● RECORDED DATA:
================

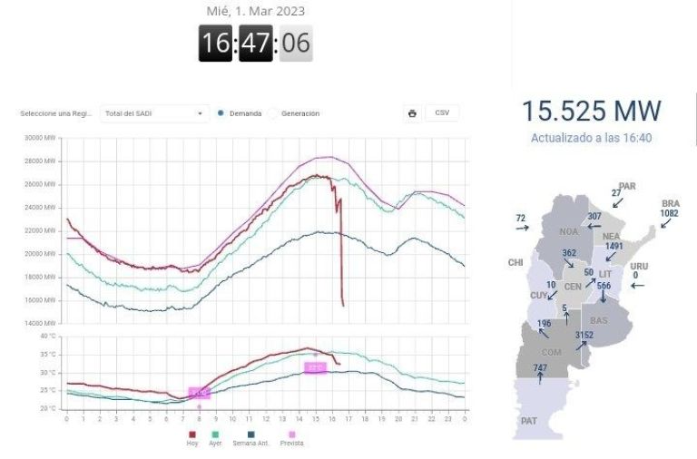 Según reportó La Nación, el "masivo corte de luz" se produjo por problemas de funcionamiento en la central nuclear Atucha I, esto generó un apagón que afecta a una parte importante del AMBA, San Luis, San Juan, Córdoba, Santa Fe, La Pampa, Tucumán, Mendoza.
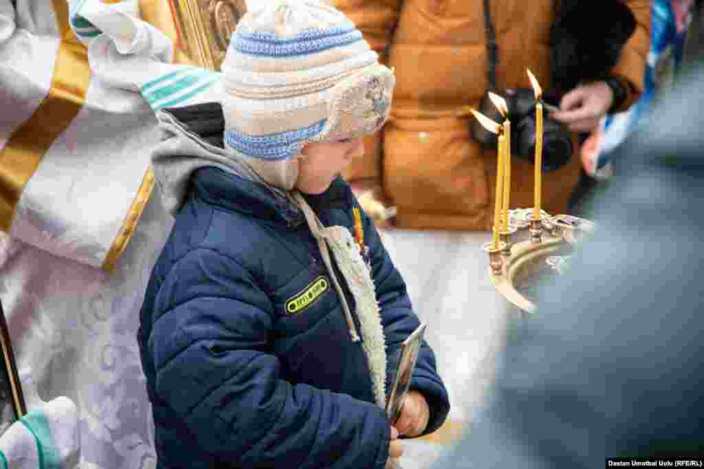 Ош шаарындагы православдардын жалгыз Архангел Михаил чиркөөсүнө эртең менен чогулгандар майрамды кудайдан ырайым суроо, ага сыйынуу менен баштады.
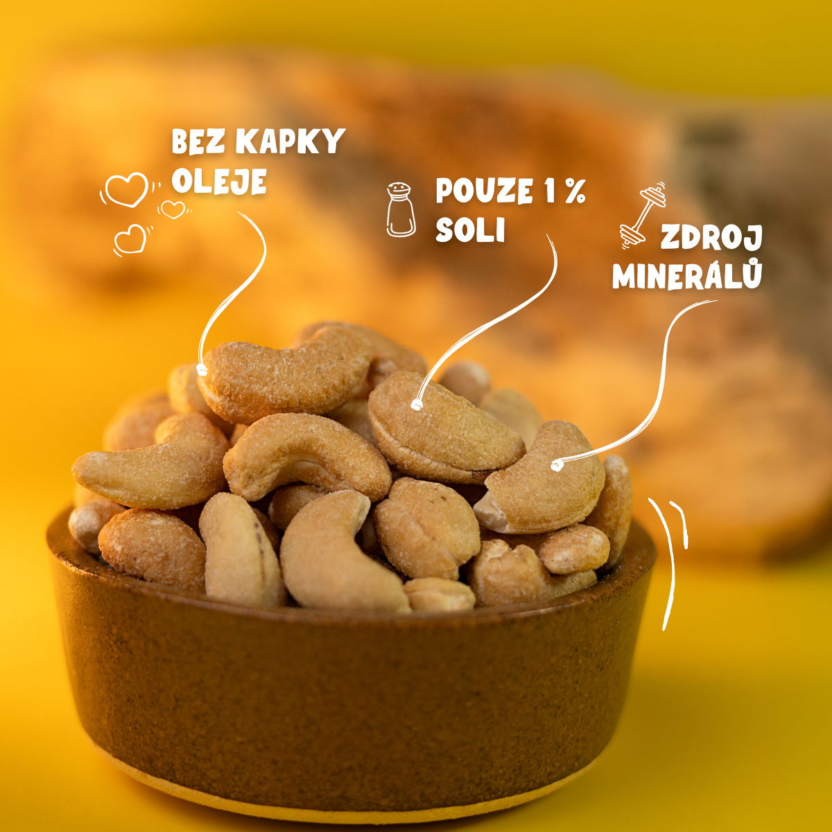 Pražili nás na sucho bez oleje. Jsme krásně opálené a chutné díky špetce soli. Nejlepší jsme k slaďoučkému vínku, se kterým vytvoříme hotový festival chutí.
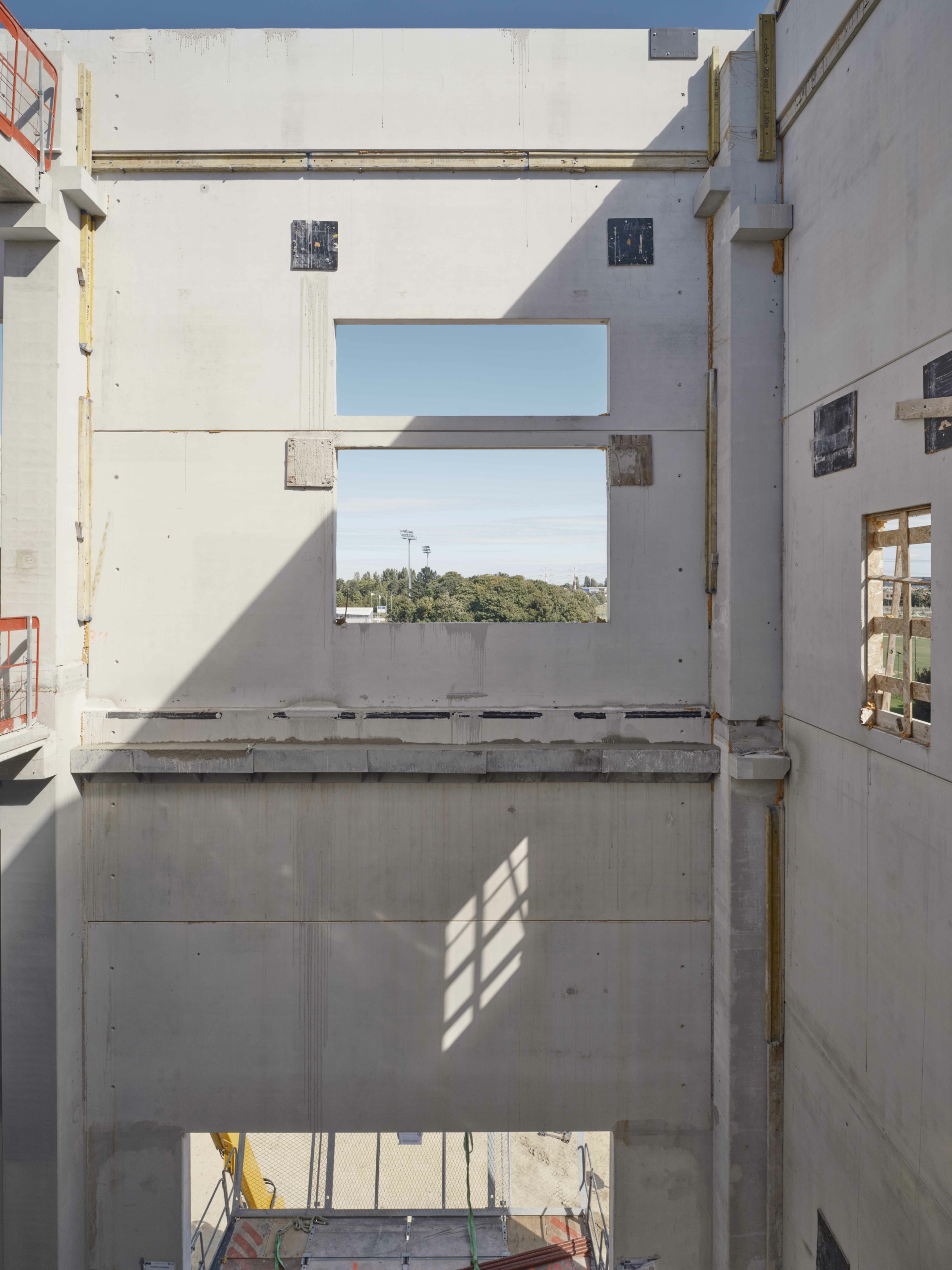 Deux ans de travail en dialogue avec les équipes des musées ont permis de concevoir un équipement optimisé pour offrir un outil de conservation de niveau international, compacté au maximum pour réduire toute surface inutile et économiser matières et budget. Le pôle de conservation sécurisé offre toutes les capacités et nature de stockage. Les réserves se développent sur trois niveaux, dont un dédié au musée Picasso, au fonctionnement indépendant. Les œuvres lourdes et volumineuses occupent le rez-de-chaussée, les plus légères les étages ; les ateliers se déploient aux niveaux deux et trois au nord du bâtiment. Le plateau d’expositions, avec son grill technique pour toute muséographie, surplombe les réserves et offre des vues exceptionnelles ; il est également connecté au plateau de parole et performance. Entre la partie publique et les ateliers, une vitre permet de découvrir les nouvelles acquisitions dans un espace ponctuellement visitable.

================

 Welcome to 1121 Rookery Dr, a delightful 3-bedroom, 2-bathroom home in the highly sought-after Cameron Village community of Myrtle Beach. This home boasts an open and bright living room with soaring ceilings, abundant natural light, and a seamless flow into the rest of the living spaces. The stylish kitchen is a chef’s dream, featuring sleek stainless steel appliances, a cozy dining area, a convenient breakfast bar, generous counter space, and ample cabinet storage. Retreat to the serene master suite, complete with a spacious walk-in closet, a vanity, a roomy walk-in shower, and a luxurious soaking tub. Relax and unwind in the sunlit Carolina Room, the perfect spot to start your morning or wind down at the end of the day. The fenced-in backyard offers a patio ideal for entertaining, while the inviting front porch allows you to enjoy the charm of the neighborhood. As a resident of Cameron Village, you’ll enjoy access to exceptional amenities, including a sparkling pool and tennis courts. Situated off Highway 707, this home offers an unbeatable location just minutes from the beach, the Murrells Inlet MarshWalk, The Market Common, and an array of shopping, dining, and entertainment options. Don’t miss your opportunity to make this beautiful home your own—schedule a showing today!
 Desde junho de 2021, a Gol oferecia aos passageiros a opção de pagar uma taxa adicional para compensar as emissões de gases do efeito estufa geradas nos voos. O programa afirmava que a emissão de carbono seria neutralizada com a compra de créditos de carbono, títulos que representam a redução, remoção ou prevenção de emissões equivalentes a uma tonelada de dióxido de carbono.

================

● PROBLEM TO SOLVE: I'd like the lines above repeated exactly, from the one that contains "Según reportó La" through the one that contains "Pražili nás na", with no pictures.

● OUTPUT BELOW:
 Según reportó La Nación, el "masivo corte de luz" se produjo por problemas de funcionamiento en la central nuclear Atucha I, esto generó un apagón que afecta a una parte importante del AMBA, San Luis, San Juan, Córdoba, Santa Fe, La Pampa, Tucumán, Mendoza.
 Ош шаарындагы православдардын жалгыз Архангел Михаил чиркөөсүнө эртең менен чогулгандар майрамды кудайдан ырайым суроо, ага сыйынуу менен баштады.
 Pražili nás na sucho bez oleje. Jsme krásně opálené a chutné díky špetce soli. Nejlepší jsme k slaďoučkému vínku, se kterým vytvoříme hotový festival chutí.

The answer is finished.